* To do: Two lines below mark the span: the one containing "Волонтеры, работавшие на" and the one containing "T-Cube I 68,44". Set down both, plus every line between, exactly as they stand, and nothing else.

* Dataset:

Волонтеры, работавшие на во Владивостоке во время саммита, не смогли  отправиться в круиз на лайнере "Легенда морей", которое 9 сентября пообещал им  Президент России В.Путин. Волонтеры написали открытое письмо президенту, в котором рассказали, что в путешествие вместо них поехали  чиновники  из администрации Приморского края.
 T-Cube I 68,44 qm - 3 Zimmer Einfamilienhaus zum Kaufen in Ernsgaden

==

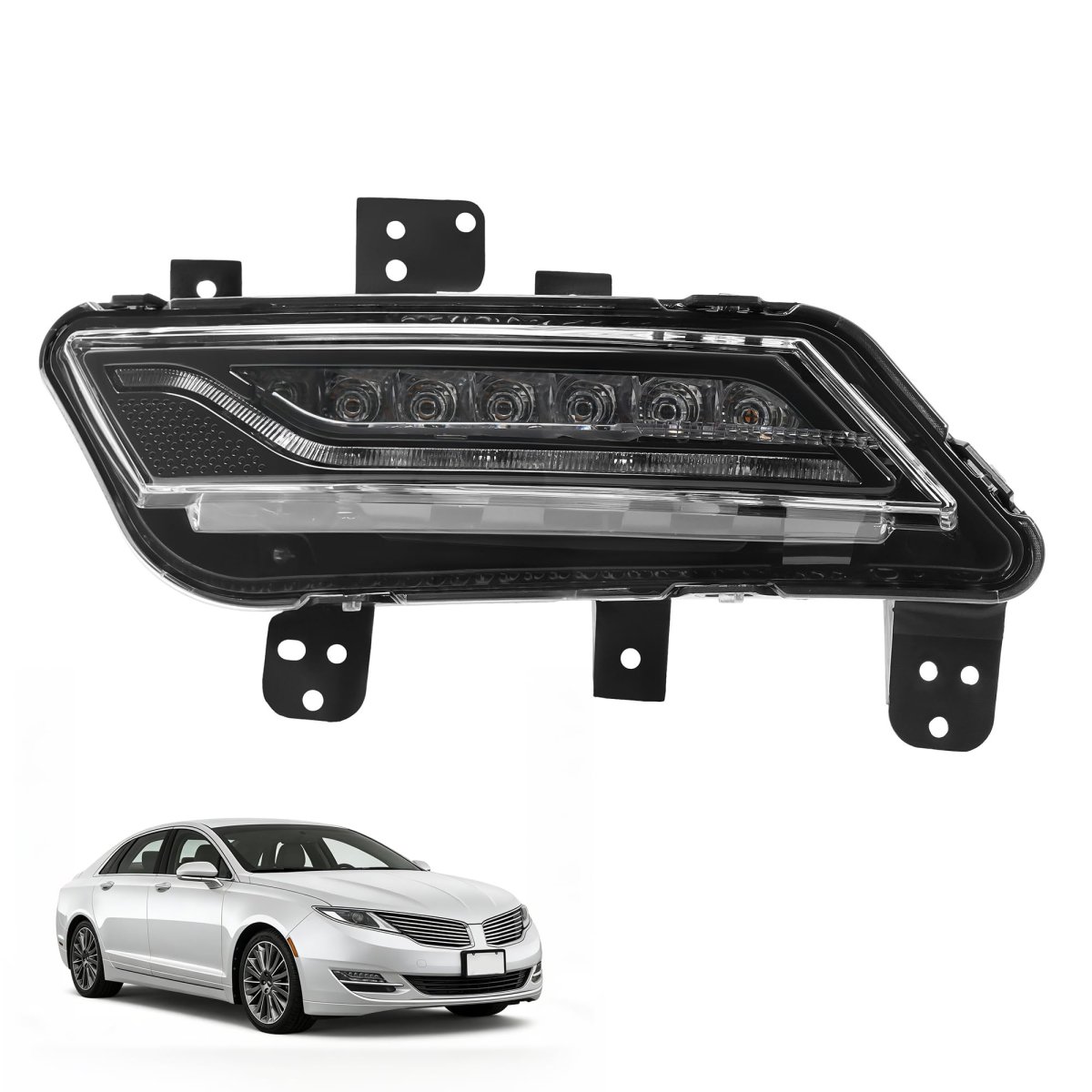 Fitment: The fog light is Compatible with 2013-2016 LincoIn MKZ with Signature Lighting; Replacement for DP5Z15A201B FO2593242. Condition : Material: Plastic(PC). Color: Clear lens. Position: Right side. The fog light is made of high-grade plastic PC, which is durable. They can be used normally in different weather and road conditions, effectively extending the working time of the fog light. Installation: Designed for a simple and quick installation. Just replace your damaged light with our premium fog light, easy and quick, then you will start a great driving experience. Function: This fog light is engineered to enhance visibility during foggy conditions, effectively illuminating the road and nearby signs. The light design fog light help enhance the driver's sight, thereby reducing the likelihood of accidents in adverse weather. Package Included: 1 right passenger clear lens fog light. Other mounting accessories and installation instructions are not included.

* Solution to the problem:
Волонтеры, работавшие на во Владивостоке во время саммита, не смогли  отправиться в круиз на лайнере "Легенда морей", которое 9 сентября пообещал им  Президент России В.Путин. Волонтеры написали открытое письмо президенту, в котором рассказали, что в путешествие вместо них поехали  чиновники  из администрации Приморского края.
 T-Cube I 68,44 qm - 3 Zimmer Einfamilienhaus zum Kaufen in Ernsgaden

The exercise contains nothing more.